I'm in the process of buying planes. And I'm thinking that I should buy a cheap scrup plane, and have the rest of the money for some nice new jack plane. Correct me if I'm wrong.

So I'm buying from the german ebay. The scrub plane is called there a schrupphobel.

I found this one:
http://www.ebay.de/itm/1x-Famos-Han...n_Heimwerker_Handwerkzeug&hash=item53f920dfd6

Is this even scrub plane? The blade doesn't seem curved. Anyone recognize the company BW Bundeswehr (HX1). And What does HX1 mean?


----------



## MasterSplinter (Jan 12, 2013)

I bought a cheap harbor freight plane and turned it into a scrub plane. $10. Works great.


----------



## Wood4Brains (Jul 25, 2012)

> "I bought a cheap harbor freight plane and turned it into a scrub plane. $10. Works great."


It seems by reading the reviews of the hand plane that HF sells that is a very popular thing to do.


----------



## Dave Paine (May 30, 2012)

MasterSplinter said:


> I bought a cheap harbor freight plane and turned it into a scrub plane. $10. Works great.


I purchased one for another forum member, modified the blade to work as a scrub plane, then sent it to the forum member. 

This was the email I received.

"_The scrub plane is awesome.it self destructed the first 40 seconds, the lever cap and blade flew off! But I swapped the blade with my other No 33 and she works like a dream. It cut my surface scrubbing time in half easily! Thanks again!_"

I do not know how often this happens. I have to say I did not like the quality of manufacture of the plane. The best parts of the plane were the knob and tote.

One of the adjustment nuts did not fit into the slots in the blade. I had to bend the screw to get a decent contact.

For the $10 price, I feel a case of you get what you pay for - perhaps less.


----------



## Wood4Brains (Jul 25, 2012)

> I purchased one for another forum member, modified the blade to work as a scrub plane, then sent it to the forum member.


How exactly does one modify the blade to become a scrubber blade?
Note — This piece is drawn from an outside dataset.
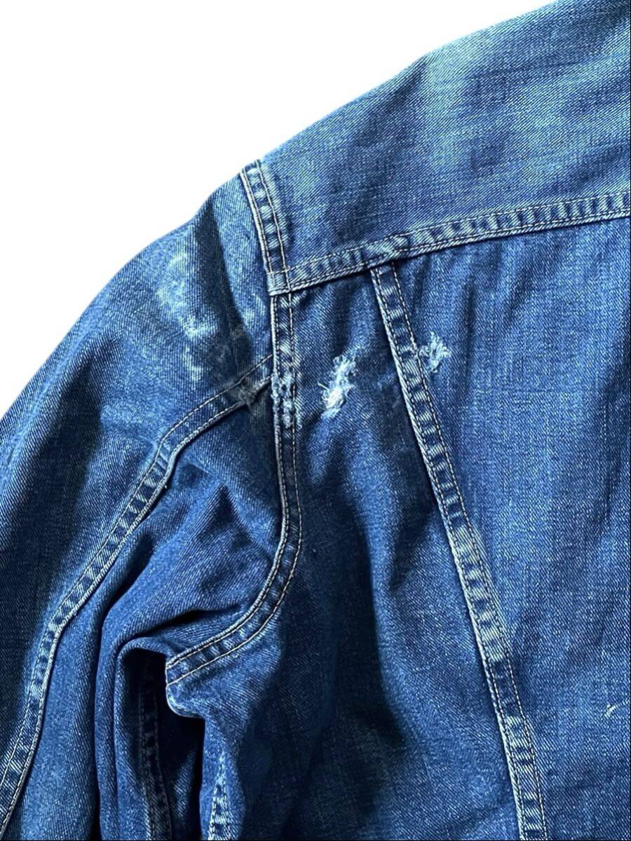 着用感、サンフェード、汚れ、ほつれ、破け各所にある状態です。

I am guessing a grinding wheel is involved somewhere...


----------



## Billy De (Jul 19, 2009)

I`m not an expert on German wooden planes but that does not look like what you are looking for.Sometimes the people selling the tools don't know what they are.

The brand name of the one you are looking at is Famos and it is an ex Germany army issue .
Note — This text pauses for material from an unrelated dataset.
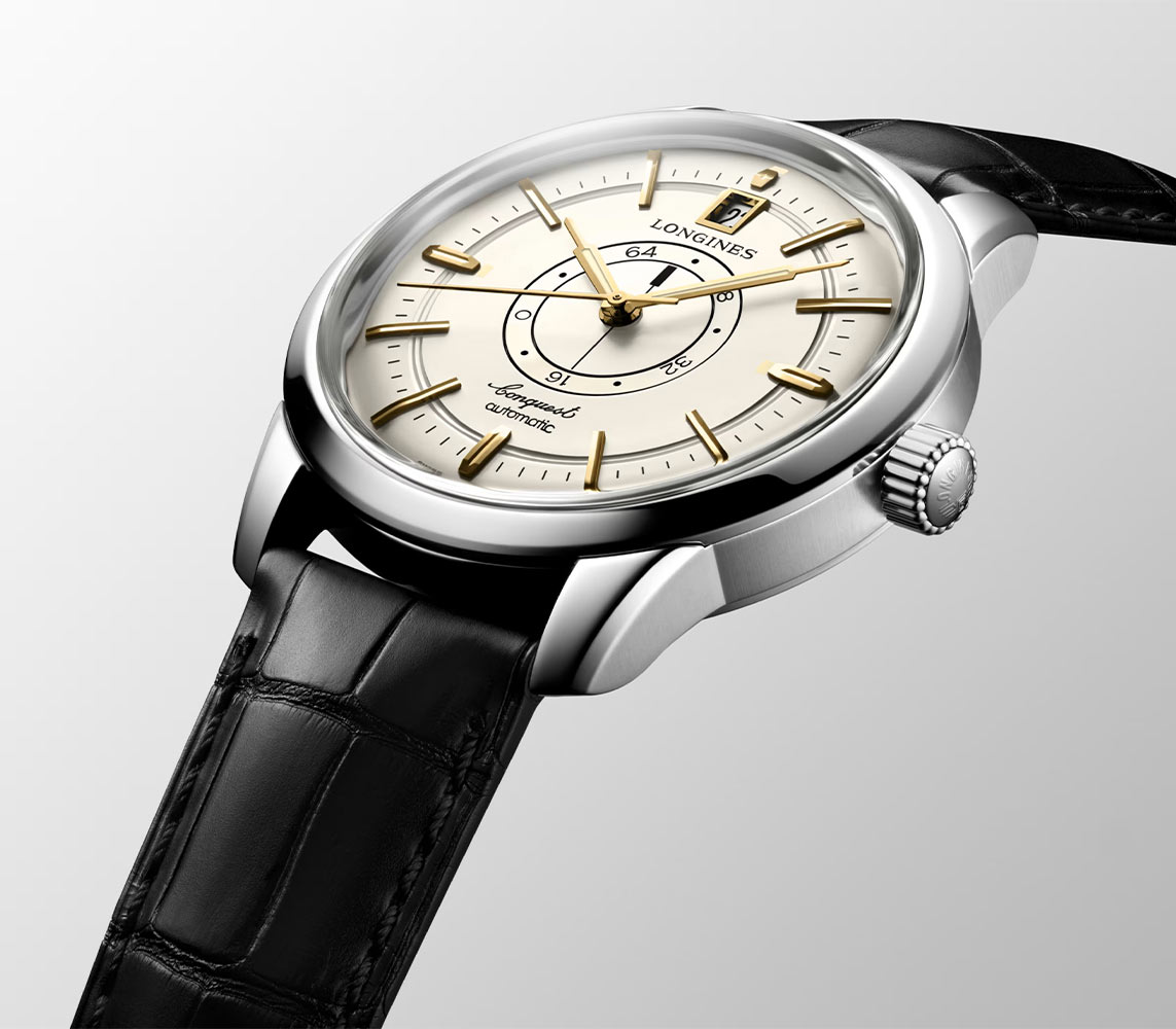 Nejdůležitějším prvkem nového modelu Longines L16484782 je centrální stupnice rezervy chodu, jejíž přítomnost zdobí číselník šampaňského. Použití dvou rotujících kotoučů, vnějšího se stupnicí od 0 do 72 a vnitřního jako ukazovátka, vytváří dynamickou kinetickou podívanou. Toto zpočátku neobvyklé řešení si postupně získává uznání a zapadá do ucelené estetiky hodinek. Kromě centrální rezervy chodu zdobí ciferník precizně provedené hodinové indexy, minutová stupnice a neobvykle umístěné datumové okénko nahoře na 12. hod. Klasické detaily jako název značky, název kolekce a informace o typu vinutí mechanismu vytvářejí harmonickou kompozici. Aktuální čas ukazují elegantní ručičky. Jemné detaily, jako je svítící Super-LumiNova® Swiss Made na pozlacených ručičkách, dodávají hodinkám sofistikovanost a zdůrazňují charakter hodinek.

This link looks more like what you are looking for good luck. Billy 

http://www.ebay.co.uk/itm/251058605879?ssPageName=STRK:MEWAX:IT&_trksid=p3984.m1438.l2648


----------



## Dave Paine (May 30, 2012)

grunkle stan said:


> how exactly does one modify the blade to become a scrubber blade?
> 
> I am guessing a grinding wheel is involved somewhere...
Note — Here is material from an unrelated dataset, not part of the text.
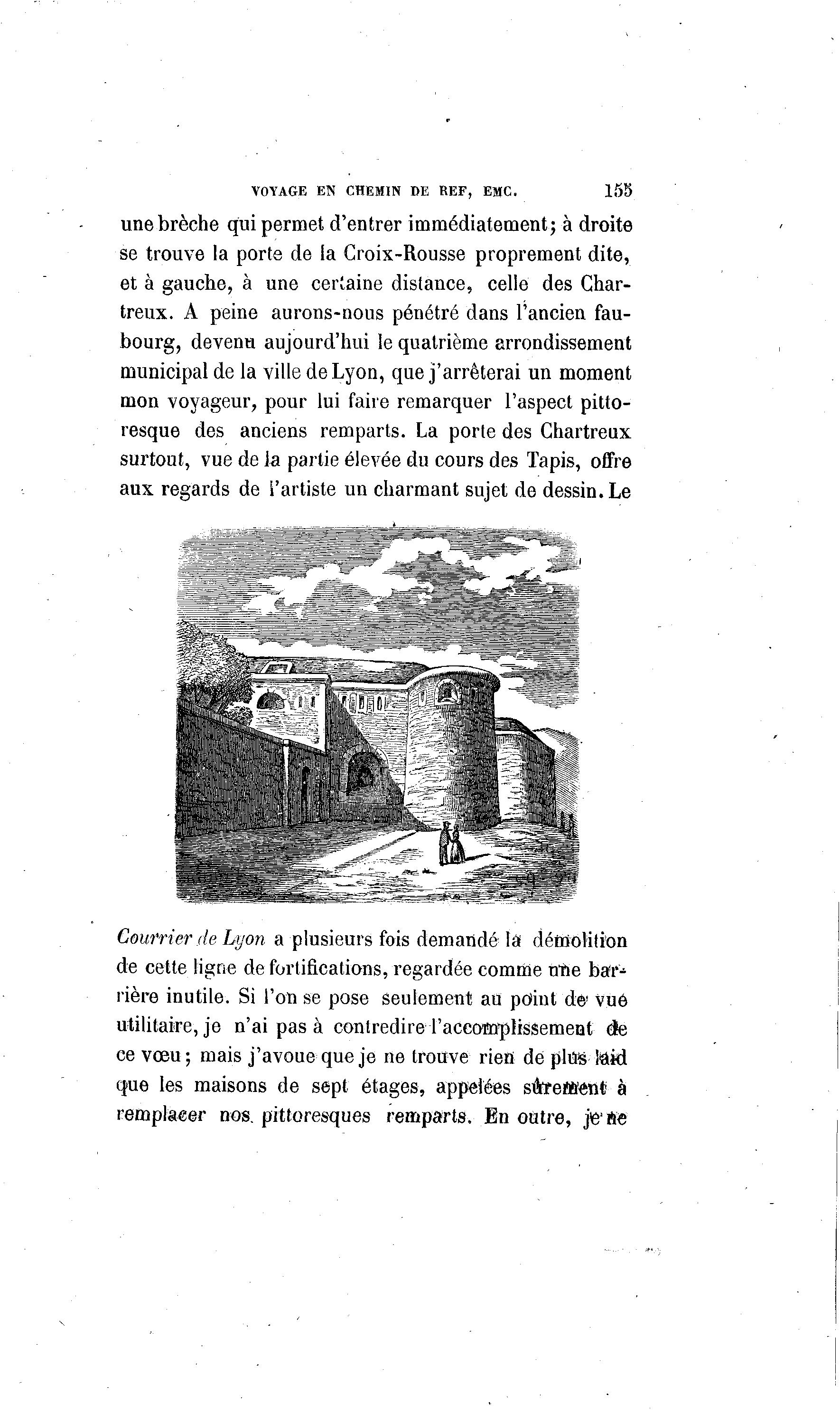 VOYAGE EN CHEMW DE REF, EMC. 155 une brèche qui permet d'entrer immédiatement; à droite se trouve la porte de la Croix-Rousse proprement dite, et à gauche, à une certaine distance, celle des Char- treux. A peine aurons-nous pénétré dans l'ancien fau- bourg, devenu aujourd'hui le quatrième arrondissement municipal de la ville de Lyon, que j'arrêterai un moment mon voyageur, pour lui faire remarquer l'aspect pitto- resque des anciens remparts. La porte des Chartreux surtout, vue de la partie élevée du cours des Tapis, offre aux regards de l'artiste un charmant sujet de dessin. Le Courrier de Lyon a plusieurs fois demandé là démolition de cette ligne de fortifications, regardée comme nue bar- rière inutile. Si l'on se pose seulement au pdiut dé' vue utilitaire, je n'ai pas à contredire TaceoffifpMssement de ce vœu; mais j'avoue que je ne trouve rien de plus laid que les maisons de sept étages, appelées stirfetttènt à remplacer nos. pittoresques remparts. En outre, je'ne

I think using the HF 33 plane may have been made popular by a video posted by Stumpy Nubs.

You can use a grinder. I used a Worksharp 3000 and 100 grit disc. It does not take long.

I decided on the curve, I think it was 1/8in less at either end. I marked this on green masking tape, including the centre line of the blade.

I made a wooden template for the curve out of a piece of scrap drew the curve and sanded on my 12in disc sander. I then clamped the blade to the template and used the Worksharp bar against the edge of the wooden template and rocked back and forth until I got the shape. At this point I was not concentrating on the angle.









This was the blade once I had sharpened to the desired curve.









 I am not a fan of HF in general, and for the record, I would not recommend this plane to others. Too much variation in quality. I really do not like the adjustment mechanism.

When I installed the blade, I then found I needed to file a curve on the lever cap so the corners would not get in the way. The initial bevel on the blade was too steep, about 45 deg which is the bedding angle of the frog. I re-sharpened to about 35 deg by re-clamping to the wooden template and adjusting the protrusion to get the desired angle. Then more back and forth. Easier since the curve was established, just modifying the bevel.

Then you need to test to determine how deep to set the blade. I adjusted to be exposing perhaps 1/3rd of the blade. Max protrusion is about 1 64in in the middle.


----------



## firemedic (Dec 26, 2010)

s7nf said:


> I'm in the process of buying planes. And I'm thinking that I should buy a cheap scrup plane, and have the rest of the money for some nice new jack plane. Correct me if I'm wrong.
> 
> So I'm buying from the german ebay. The scrub plane is called there a schrupphobel.
> 
> ...


It's not a scrub. The iron is far too wide. The incorrect listing and the style of the plane what's throwing you a curve ball.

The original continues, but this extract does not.